N1QL search query result varies depending on selected fields

I’m testing new 6.5 feature, N1QL SEARCH function but surprisingly query result varies depending on selected fields.

I created a FTS index that respond as expected for my requests.
The FTS type identifier is based on the “is_manageable” field.
The field used as a FTS type is also indexed in the query service.

Query index :

CREATE INDEX `is_manageable` ON `foo`(`is_manageable`)

FTS index :

Summary
{
  "type": "fulltext-index",
  "name": "manageables",
  "uuid": "2d05b774c39f96cb",
  "sourceType": "couchbase",
  "sourceName": "foo",
  "sourceUUID": "0f88fab718b7522c2cca0649af97c26f",
  "planParams": {
    "maxPartitionsPerPIndex": 171,
    "indexPartitions": 6
  },
  "params": {
    "doc_config": {
      "docid_prefix_delim": "",
      "docid_regexp": "",
      "mode": "type_field",
      "type_field": "is_manageable"
    },
    "mapping": {
      "analysis": {
        "analyzers": {
          "k_main_entry_analyser": {
            "char_filters": [
              "asciifolding"
            ],
            "token_filters": [
              "to_lower",
              "unique",
              "k_min_length",
              "k_ngram"
            ],
            "tokenizer": "unicode",
            "type": "custom"
          },
          "k_secondary_entries_analyser": {
            "char_filters": [
              "asciifolding"
            ],
            "token_filters": [
              "k_min_length",
              "to_lower"
            ],
            "tokenizer": "unicode",
            "type": "custom"
          }
        },
        "token_filters": {
          "k_min_length": {
            "max": 255,
            "min": 3,
            "type": "length"
          },
          "k_ngram": {
            "back": "false",
            "max": 20,
            "min": 3,
            "type": "edge_ngram"
          }
        }
      },
      "default_analyzer": "standard",
      "default_datetime_parser": "dateTimeOptional",
      "default_field": "_all",
      "default_mapping": {
        "dynamic": true,
        "enabled": false
      },
      "default_type": "_default",
      "docvalues_dynamic": true,
      "index_dynamic": true,
      "store_dynamic": false,
      "type_field": "_type",
      "types": {
        "true": {
          "default_analyzer": "standard",
          "dynamic": false,
          "enabled": true,
          "properties": {
            "description": {
              "dynamic": false,
              "enabled": true,
              "fields": [
                {
                  "analyzer": "k_secondary_entries_analyser",
                  "index": true,
                  "name": "description",
                  "type": "text"
                }
              ]
            },
            "title": {
              "dynamic": false,
              "enabled": true,
              "fields": [
                {
                  "analyzer": "k_main_entry_analyser",
                  "docvalues": true,
                  "include_in_all": true,
                  "include_term_vectors": true,
                  "index": true,
                  "name": "title",
                  "store": true,
                  "type": "text"
                }
              ]
            }
          }
        }
      }
    },
    "store": {
      "indexType": "scorch"
    }
  },
  "sourceParams": null
}

When I execute this query :

select meta(m).id from `foo` as m
where m.is_manageable = "true"
and search(m, "coco");

The result contains one document containing only the id, as expected.

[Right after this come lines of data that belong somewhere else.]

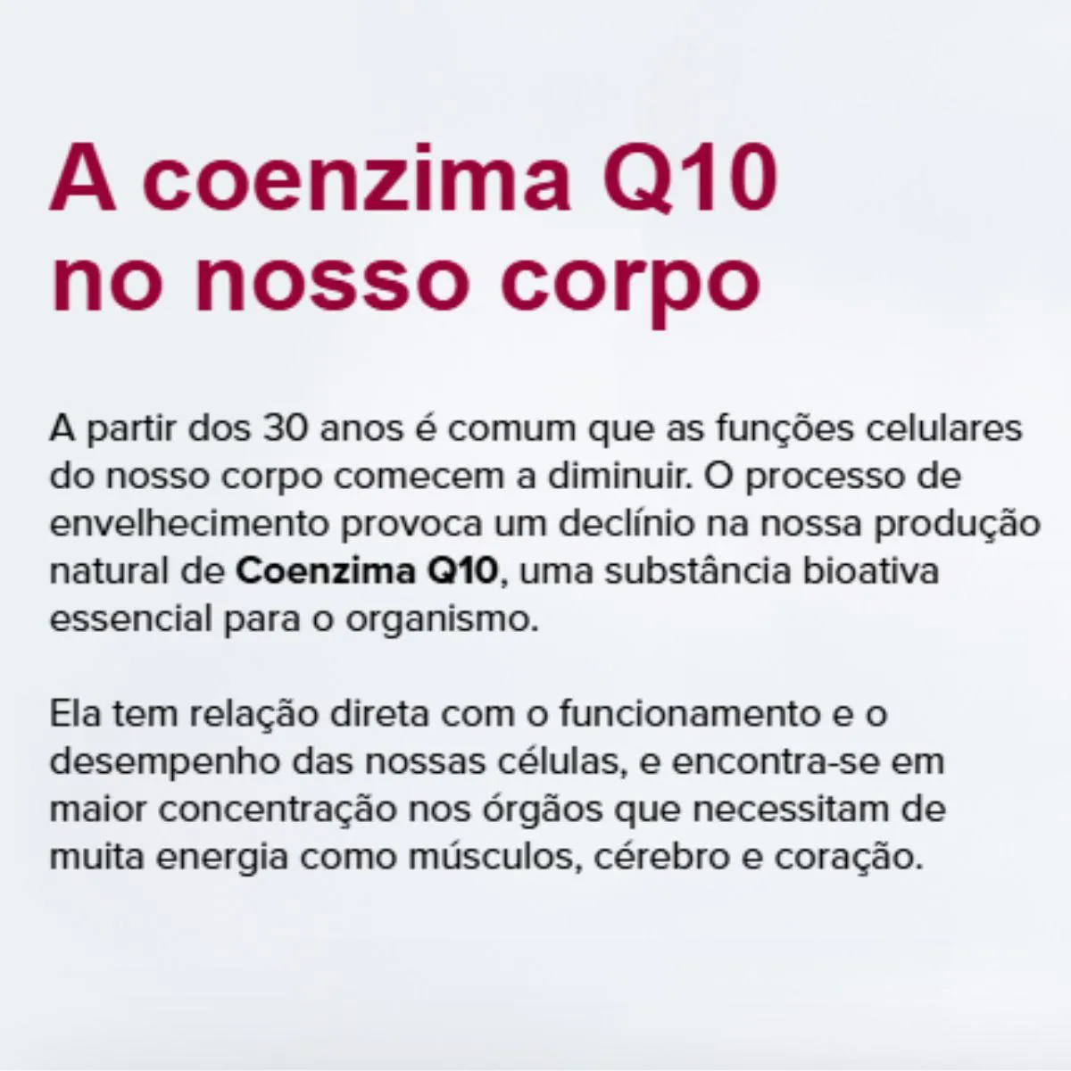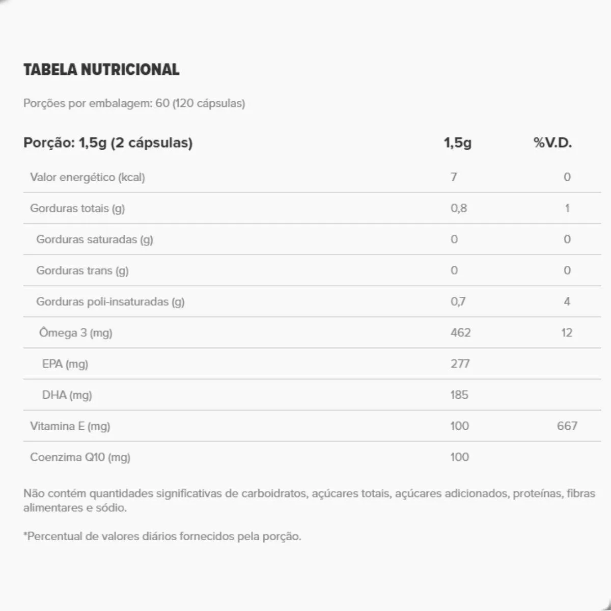 A formulação prioriza a coenzima Q10 obtida por fermentação, o óleo de peixe concentrado e livre de metais pesados na forma TG, que facilita a digestibilidade, e a vitamina e extraída de fontes naturais. Não contém aditivos artificiais, açúcar ou glúten, refletindo o compromisso da marca com matérias-primas selecionadas.
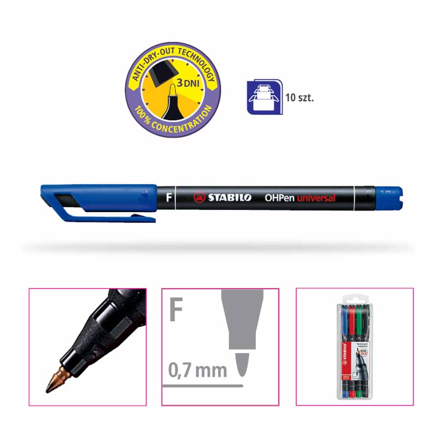 Foliopis STABILO OHPen M jest niezwykle wszechstronny, idealny do pisania na szkle, torebkach foliowych, etykietach, zdjęciach, błyszczącym papierze, płytach CD oraz zdjęciach rentgenowskich. Jego uniwersalność sprawia, że jest niezastąpiony w wielu sytuacjach.
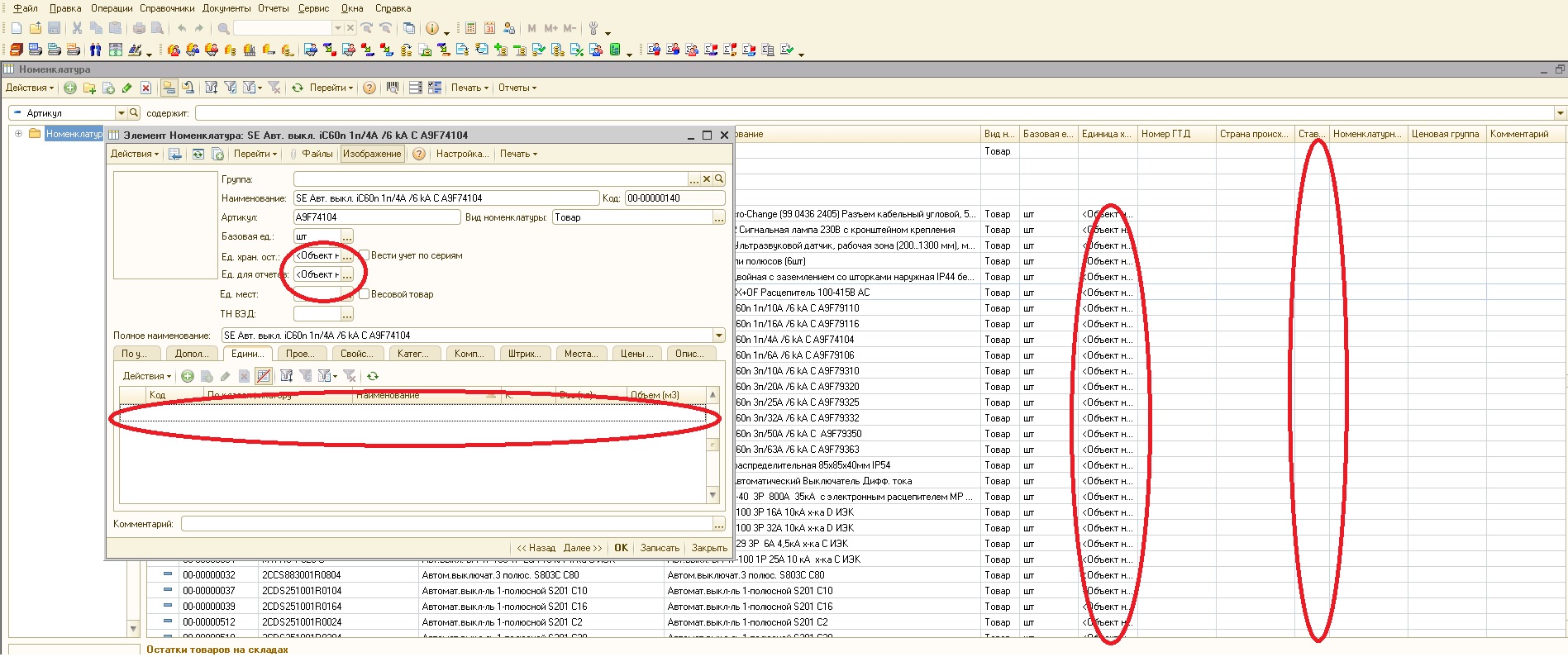При переносе данных из одной конфигурации 1С в другую произошла потеря части данных по Номенклатуре, таких как:

When I execute this query (note the wildcard select):

select * from `foo` as m
where m.is_manageable = "true"
and search(m, "coco");

It returns no document.
The doc at Search Functions | Couchbase Docs says :

If the full text search index being queried has its default mapping disabled and has a custom type mapping defined, the query needs to specify the type explicitly. The above query uses the demonstration index travel-sample-index-hotel-description, which has the custom type mapping “hotel”.
For more information on defining custom type mappings within the full text search index, refer to Specifying Type Mappings. Note that for N1QL queries, only full text search indexes with one type mapping are searchable. Also the supported type identifiers at the moment are “type_field” and “docid_prefix”, “docid_regexp” isn’t supported yet for SEARCH queries via N1QL.

I have only one type mapping, and the field is specified in the query. I am missing something ?

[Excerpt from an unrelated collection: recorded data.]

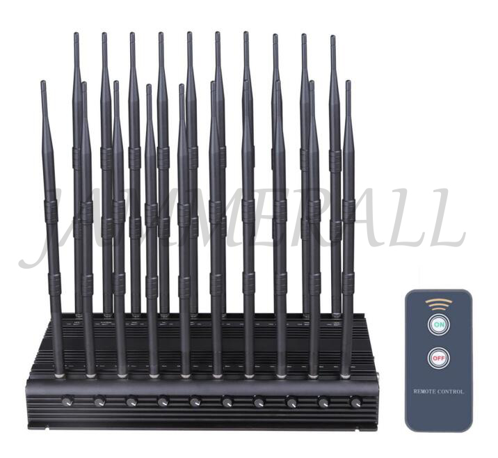 This 20 antennas all-in-one desktop cell phone jammer is the latest design in 2019. As the world first all-in-one 5G cellphone signal jammer with 3.5G, 3.7G, 5G WIFI and Remote control, which can also block GSM, 3G, 4G, VHF, UHF, Wi-Fi, GPS, L1, L2, L5, LOJACK, 5.2G, 5.8G, 3.5G, 3.7G, RF signals like 315, 433, 868, this cellphone jammer can meet your target of most general type of affected frequencies. High power with large cover range, up to 60 meters. Good cooling system with 5 cooling fans inside. It great for school classroom avoid exam cheat and oil/gas station keep in secure.
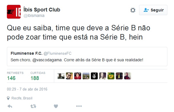 Fonte: Twitter oficial do Íbis
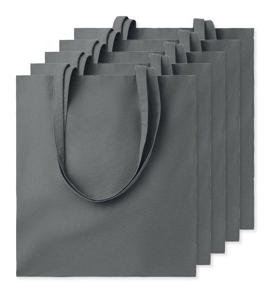 Pack of 5 GiftRetail MO9268 - Dark Grey - COTTONEL COLOUR Eco-Friendly 140gsm Cotton Shopping Tote Bag
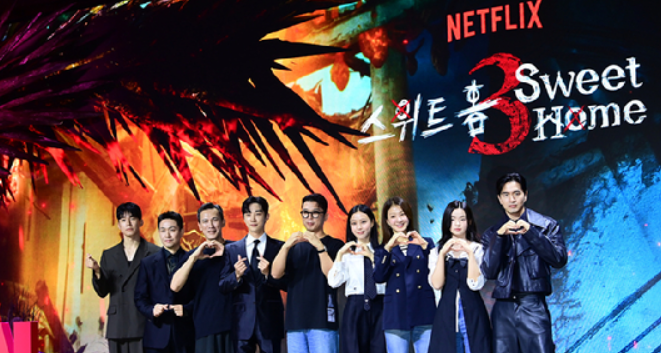이응복 감독은 "'스위트홈3'는 말 그대로 '컴 백 홈'이다. 집으로 돌아오는 이야기"라며 "시즌1, 시즌2 괴물화 사태로 흩어졌던 이들이 서로 조우하면서 벌어지는 이야기"라고 소개했습니다.
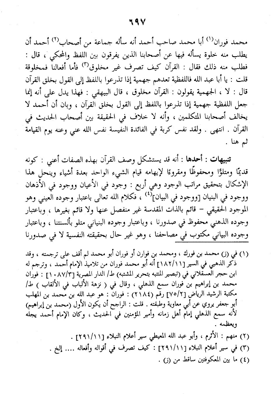 تنبيهات: أحدها: أنه قد يستشكل وصف القرآن بهذه الصفات أعني: كونه قديما ومتلوا ومحفوظا ومقروءا لإيهامه قيام الشيء الواحد بعدة أشياء وينحل هذا الإشكال بتحقيق مراتب الوجود وهي أربع: وجود في الأعيان ووجوده في الأذهان ووجود في البنيان ووجود في البيان فكلام الله تعالى باعتبار وجوه العيني وهو الموجود الحقيقي - قائم بالذات المقدسة غير منفصل عنها ولا قائم بغيرها، وباعتبار وجوده الذهني محفوظ في صدورنا، وباعتبار وجوده البنياني متلو بألسنتنا وباعتبار وجوده البياني مكتوب في مصاحفنا، وهو غير حال بحقيقته النفسية لا في صدورنا
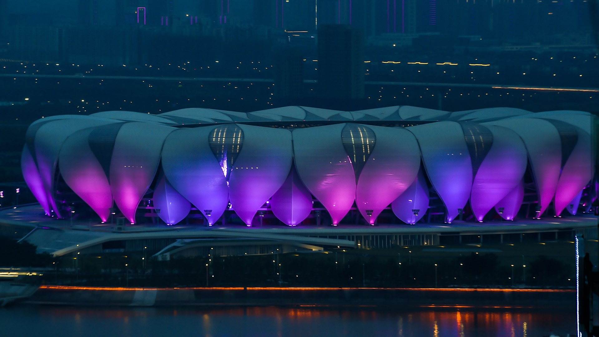 杭州奧體中心主體育場(chǎng)被彩燈點(diǎn)亮(8月31日攝)。新華社記者 徐昱 攝
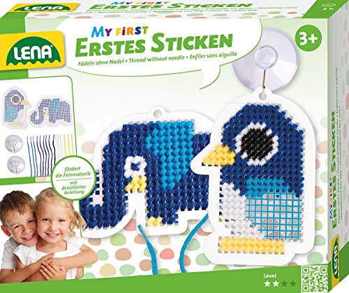 Lena 42623 - Set per il primo ricamo, motivo: animali, set completo con 2 griglie a forma di uccello e elefante, 10 lacci colorati, 2 ventose e istruzioni, per bambini dai 3 anni in su

I tried to compare with the sample travel bucket, both query return consistent results.

SELECT *
FROM `travel-sample` AS t1
WHERE t1.type = "hotel" and SEARCH(t1, "bathrobes");

Is it supposed to behave like that ? If so, how can I have the entire document ?

PS :

I tried to use Doc ID up to separator type identifier but this definition it never returns anything in the N1QL search query. That’s probably another topic.

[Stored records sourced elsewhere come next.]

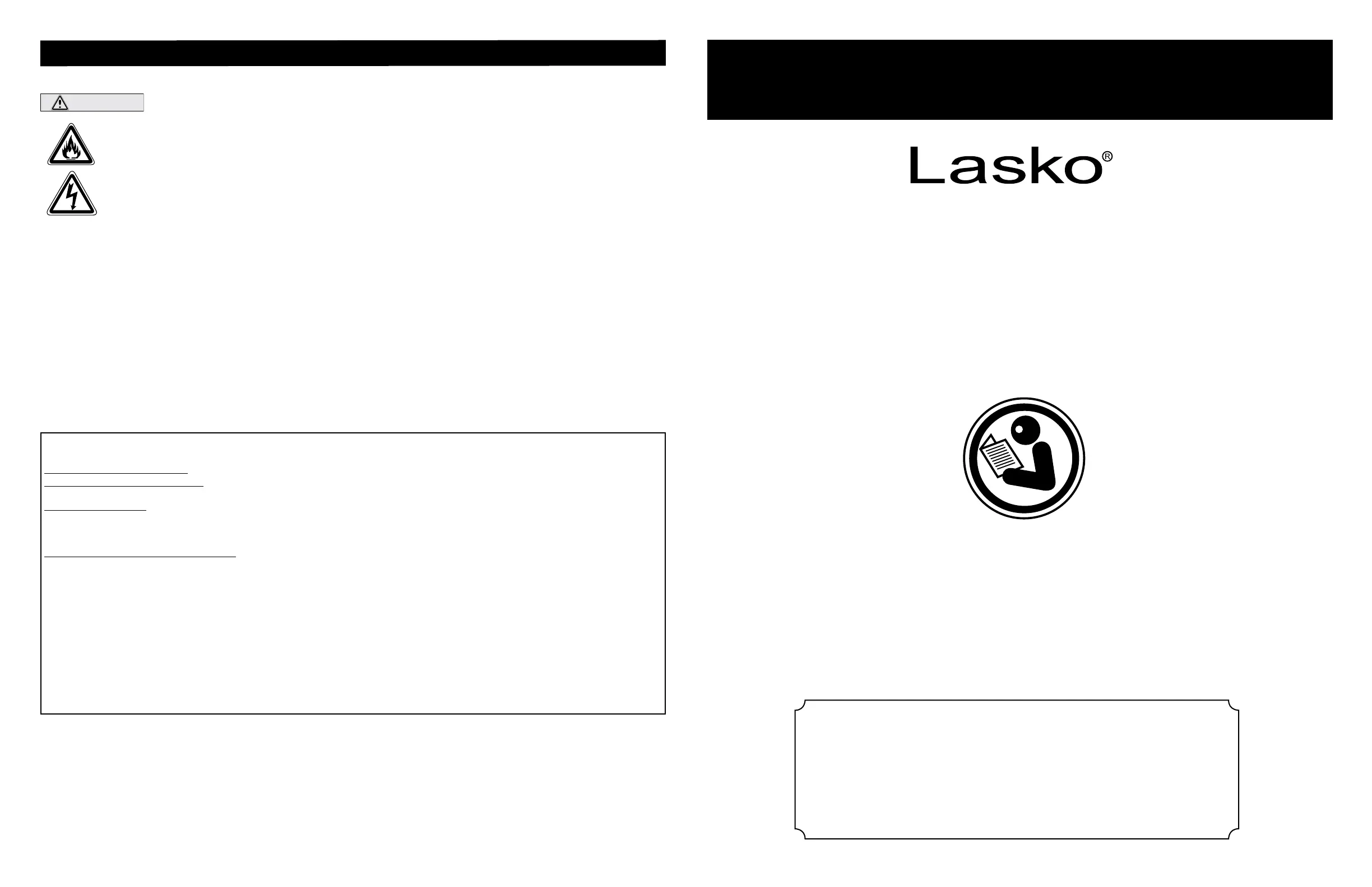 customer expense with proof of purchase within the warranty period. Contact the Lasko customer service department to obtain a Return Authorization
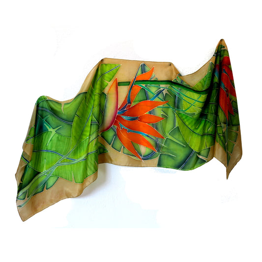 Hand-painted natural silk scarf, “FLOR DEL PARAÍSO” model
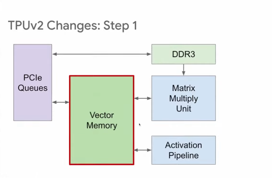 与TPU v1相比,TPU v2的改进分为5步。第一步,TPU v1有两个存储区域:Accumulator和Activation Storage,前者负责储存矩阵相乘结果,后者负责储存激活函数输出。

Thank you for bringing up the issue.

In the event of “SELECT *”, the query involves a document fetch from couchbase and reapplying the search query on it to validate the fetched document. These document fetches do not occur when the “SELECT” only requests meta data.

The issue you’ve discovered here lies within this validation code path - which we will address for the upcoming release: 6.6 and after - it’s tracked with this internal ticket: https://issues.couchbase.com/browse/MB-39592

For the moment, we do have a work around for you - say your FTS index’s name was manageables, you can run your query this way …

select meta(m).id from `foo` as m
where m.is_manageable = "true"
and search(m, "coco", {"index":"manageables"});
select * from `foo` as m
where m.is_manageable = "true"
and search(m, "coco", {"index":"manageables"});

This essentially enforces the “validation” phase to use the same definition as the FTS index used earlier as opposed to inferring one from the query.

If you were to have a custom type mapping, the query would need to carry the condition expression outside the SEARCH(…) function, and your example is on point.

Thank you for your answer. Your workaround works like a charm.
How can I carry the condition of my custom type with an ID prefix ? I tried the LIKE function and SUBSTR without success.

To use an ID prefix, you’d need to use ‘docid_prefix_delim’ in your FTS index definition as opposed to ‘type_field’.

Here’s how you’d set up ‘docid_prefix_delim’ for your index : Say you have 3 docs with keys: hotel_001, hotel_002, airport_001, and you want to index all documents with prefix “hotel”, you define, “docid_prefix_delim”: “_” and “mode”: “docid_prefix”; Next you will define a type mapping “hotel” and either index everything within or specific fields.

The condition expression now for this FTS index is “meta().id LIKE ‘hotel_%’”, so here’s a sample query for you assuming you name your FTS index “hotels” over bucket “travel-sample” …

SELECT *
FROM `travel-sample` AS t1
WHERE meta().id LIKE "hotel_%" and SEARCH(t1, "bathrobes", {"index": "hotels"});

I realize the documentation doesn’t carry this, I’ll have an update on it shortly.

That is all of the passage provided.